Figure BDA0003670807510000132
wherein, scoreY i And (5) representing the score condition of the manual marking of the ith sample, wherein m is the total number of samples.
Figure BDA0003670807510000133
For the regularization term, λ is called the regularization parameter, whose role is to control the cut-off between two different targets, thus avoiding overfitting. The training goal is to make the loss function as small as possible.
In a specific example, the classification network may adopt a softmax classifier, and for the prediction of the respiratory heartbeat state, the classification network is divided into three classification results of rapid, stable and slow, and the cross entropy is used as a loss function for training, so that the optimal prediction result can be obtained.
And S105, predicting the 3D human body posture according to the 3D human body posture characteristic, calculating the similarity between the predicted 3D human body posture and the standard action, and outputting an action score according to the fusion interaction characteristic.
And calculating a similarity score between each part of the learner and the standard action according to the regression result value estimated from the 3D human body posture of the learner, and then obtaining an average similarity score.
In a specific example, the motion pose matching can be performed by using a dynamic time warping algorithm (3DPose-DTW) based on the feature difference of the 3D pose coordinates, and the algorithm can overcome the matching problem of different sequence lengths and solve the problem of motion advance or delay. Generally, training is performed according to background music or background guidance prompt tones, so that firstly, by using a dynamic programming thought, time sequence information to be recognized and time sequence information of a standard template are subjected to nonlinear normalization, an optimal corresponding point between two sequences is found according to sound, and then an Euclidean distance between a learner posture feature vector and a standard action feature vector in a video frame at the corresponding time is calculated.
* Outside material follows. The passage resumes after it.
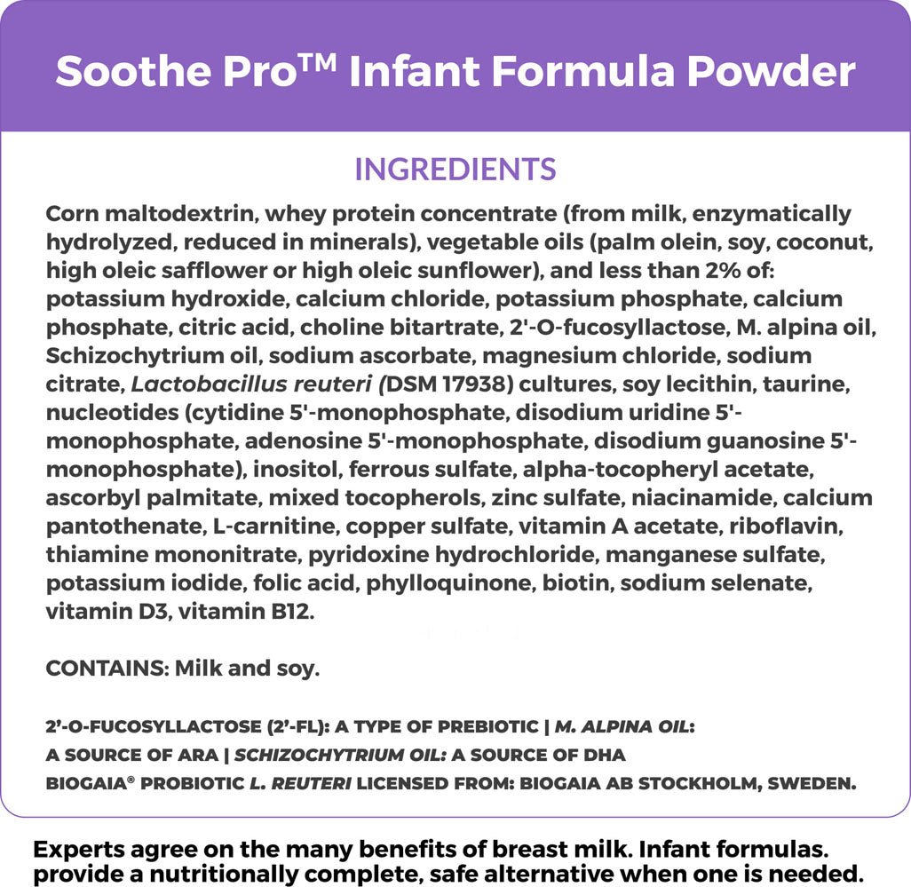 Soothe Pro infant formula provides complete nutrition and is specially formulated with 100% whey protein. An advanced 2-step hydrolysis process makes the proteins 10x smaller than intact cow’s milk proteins and the formula easy to digest. Soothe Pro infant formula promotes softer, more regular stools^1 and is formulated with probiotic L. reuteri*.

Obtaining learner 3D attitude feature vector by regression
Figure BDA0003670807510000134
The 3D pose feature vector is assumed to be derived by regression to the video frame of the standard motion
Figure BDA0003670807510000141
Through a full connection layer, the full connection layer is unfolded into a one-dimensional vector
Figure BDA0003670807510000142
Then, the following euclidean distance is calculated:
Figure BDA0003670807510000143
the similarity of the two posture features is expressed by Euclidean distance, the smaller the distance is, the more similar the posture features are, and the larger the distance is, the less similar the posture features are. In the ideal case of the water-cooled turbine,
Figure BDA0003670807510000144
the two posture characteristics are completely the same, so that the two actions are judged to be completely the same. To obtain the final score based on the percentile, the following conversion is performed
Figure BDA0003670807510000145
Figure BDA0003670807510000146
And performing evaluation guidance on the learner according to the obtained action part average similarity score, the obtained action standard degree score and the respiratory state prediction result.
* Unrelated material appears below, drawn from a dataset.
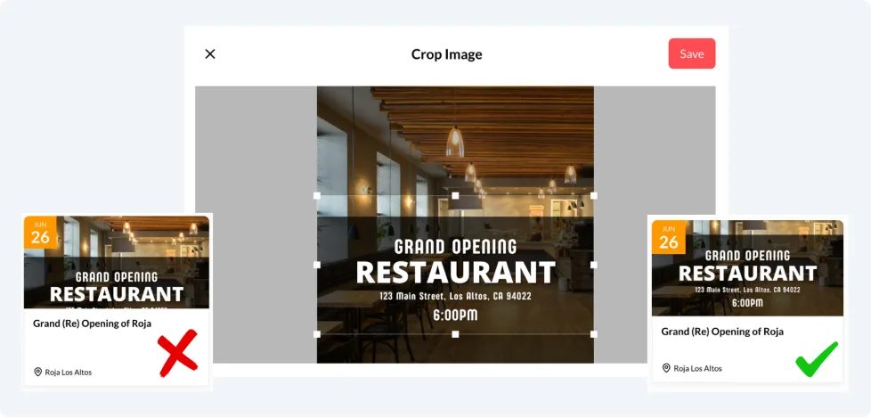 Keep your calendar clean and consistent with new built-in cropping tools. Quickly adjust image framing to maintain a polished, professional look — no outside editing tools required.

In a specific example, as a preferred scheme, the action part average similarity score and the action standard degree score are weighted and summed to obtain a final score, which is used as a quantitative evaluation for the learner. In order to qualitatively evaluate the exercise condition of each part of the learner, according to the obtained action similarity score of the video frame, when the score is less than 60 minutes, the video frame image where the learner is located can be provided, and the part with larger deviation action is displayed. Meanwhile, according to the characteristic analysis of the breathing heartbeat data and the prediction of the breathing state, the guidance for the breathing adjustment of the learner is given.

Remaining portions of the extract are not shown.